The Brandon Chamber of Commerce said the federal government’s proposed tax changes may limit opportunities for business development locally and nationwide.

Presenting the budget on Tuesday, Finance Minister Chrystia Freeland announced a tax adjustment on capital gains, representing the profits individuals accrue from asset sales such as stocks and second properties.

The budget also includes provisions to refund fuel charge proceeds from 2019-20 through 2023-24 to an estimated 600,000 businesses with 499 or fewer employees via a new refundable tax credit.

Brandon Chamber of Commerce president Lois Ruston. (File)
Brandon Chamber of Commerce president Lois Ruston. (File)

Chamber president Lois Ruston said the tax increase may limit employment growth.

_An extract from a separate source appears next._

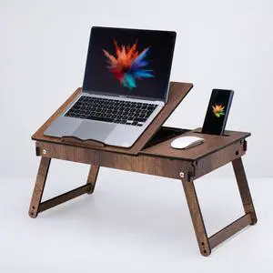 Vigo Wood Foldable Lap Desk for Laptop Tray for Bed, Adjustable Laptop Stand, Notebook Folding Table with Storage, Bed Desk for Lap top and Writing, Portable Study Table, Walnut Lapdesk

“Changes to the capital gains system may, unfortunately, limit opportunities for business development and employment growth locally and across the country,” Ruston told the Sun in an email on Wednesday. “When the potential success of a business is throttled, the investment climate can become threatened, and entrepreneurship stifled.”

While Ruston could not provide specific details on how Brandon’s business may be impacted in the near term, she said changes like this make it difficult for companies to thrive and grow.

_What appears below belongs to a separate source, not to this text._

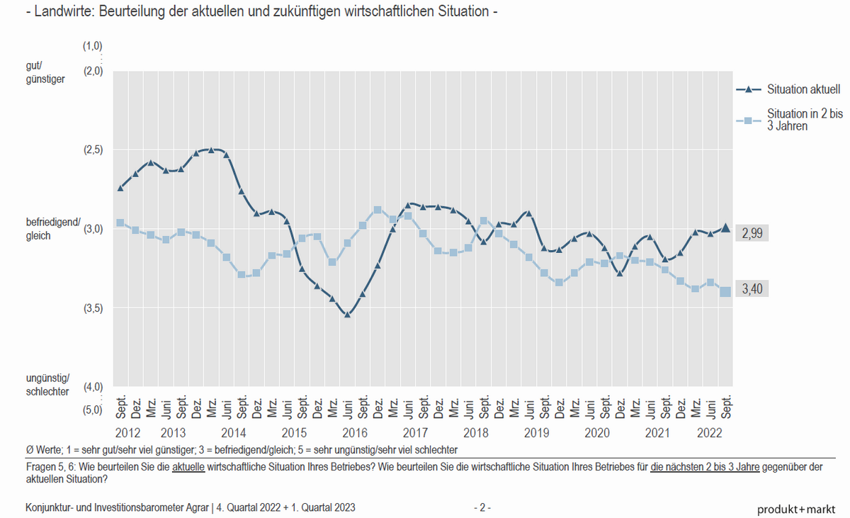 Auf der Notenskala von 1 bis 5 wird die aktuelle wirtschaftliche Situation im Durchschnitt der Betriebe mit 2,99 deutlich günstiger beurteilt als die zukünftigen Aussichten mit einem Wert von 3,4. Die aktuelle wirtschaftliche Lage hat sich gegenüber Juni in den Veredlungsbetrieben deutlich verbessert. In den Ackerbaubetrieben hat sich die Einschätzung gegenüber Sommer dagegen kaum verändert. Unter den Betriebsformen wird die aktuelle wirtschaftliche Situation am besten von den Futterbaubetrieben beurteilt.

She explained that an essential aspect of future economic growth lies in creating a business environment capable of adapting to change, adding alterations to the capital gains tax system could potentially hinder businesses from growing and seizing opportunities, both locally and beyond.

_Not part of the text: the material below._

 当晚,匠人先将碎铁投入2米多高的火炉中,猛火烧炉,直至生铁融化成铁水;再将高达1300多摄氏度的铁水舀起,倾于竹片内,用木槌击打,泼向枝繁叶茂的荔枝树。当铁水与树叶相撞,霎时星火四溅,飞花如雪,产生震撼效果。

Ruston said the chamber approved of the proposed return of fuel charge proceeds to small- and medium-sized enterprises (SMEs) through a new refundable tax credit.

“We are pleased to see this commitment in the budget,” she said. “We hope that SMEs in Brandon and our region receive returns promptly. Depending on their sector, these businesses have seen significant increases related to fuel consumption in recent years. It will hopefully provide some relief as they struggle to do business under many layers of taxes and regulations.”

Canadian Federation of Independent Business spokesperson Brianna Solberg said the capital gain changes could lead to net loss.

“The capital gains inclusion rate increase to 66.7 per cent will create many net losers, including owners of medium-sized businesses,” she told the Sun. “Owners of professional corporations (such as doctors), financial, insurance, food and accommodation, and personal care services firms will be excluded from accessing the new Canadian Entrepreneurs’ Incentive and will be hit with more taxes on capital gains for sales of small business shares above $2.25 million.”

Looking ahead, Solberg expressed concern that these adjustments to capital gains could potentially discourage Canadians from entering business ventures or striving to expand small businesses into medium-sized enterprises.

“CFIB will be pushing back against any increase in the capital gains inclusion rate for all business owners,” she said. “It seems bizarre that government would single out some sectors of Canada’s SME community for higher taxes, including many of those hardest hit by pandemic restrictions like restaurants and arts and recreation firms.”